39. The method of any one of claims 32-37, wherein the tubing is part of an extracorporeal medical device.

40. The method of claim 39, wherein the extracorporeal medical device is one of an endotracheal tube, a wound dressing or wound patch, a photodynamic therapy device, a cardiopulmonary bypass device, a hemodialysis device, a medical port, a feeding tube, or an intestinal tube.

41. The method of any one of claims 32-40, further comprising attaching the disinfection insert to a coupling on a light source.

42. The method of any one of claims 32-41, wherein illuminating the disinfection insert further comprises activating a light source that is in optical communication with the disinfection insert.

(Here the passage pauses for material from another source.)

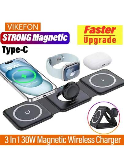 Cargador inalámbrico magnético 3 en 1 VIKEFON, compatible con iPhone 15, 14, 13, 12, AirPods Apple y carga rápida, estación de acoplamiento compatible con iPhone 16, 15, 14, 13, 12, 11/Pro/Max/Mini/Plus, X, XR, XS/Max, SE, 8/Plus, compatible con Apple Watch 1-8, AirPods 3/2/Pro, iPhone, iPad, teléfonos Android, regalo para familia, amigos, niños, cumpleaños, Navidad, invierno, novia, novio - Multicolor - Añade 1

43. The method of claim 42, further comprising varying a flux of NO from the polymer by changing an intensity of light from the light source.

44. The method of either claim 42 or claim 43, further comprising varying a flux of NO from the polymer by changing a wavelength of light from the light source.

45. The method of any one of claims 32-44, further comprising controlling the light source via a light source controller.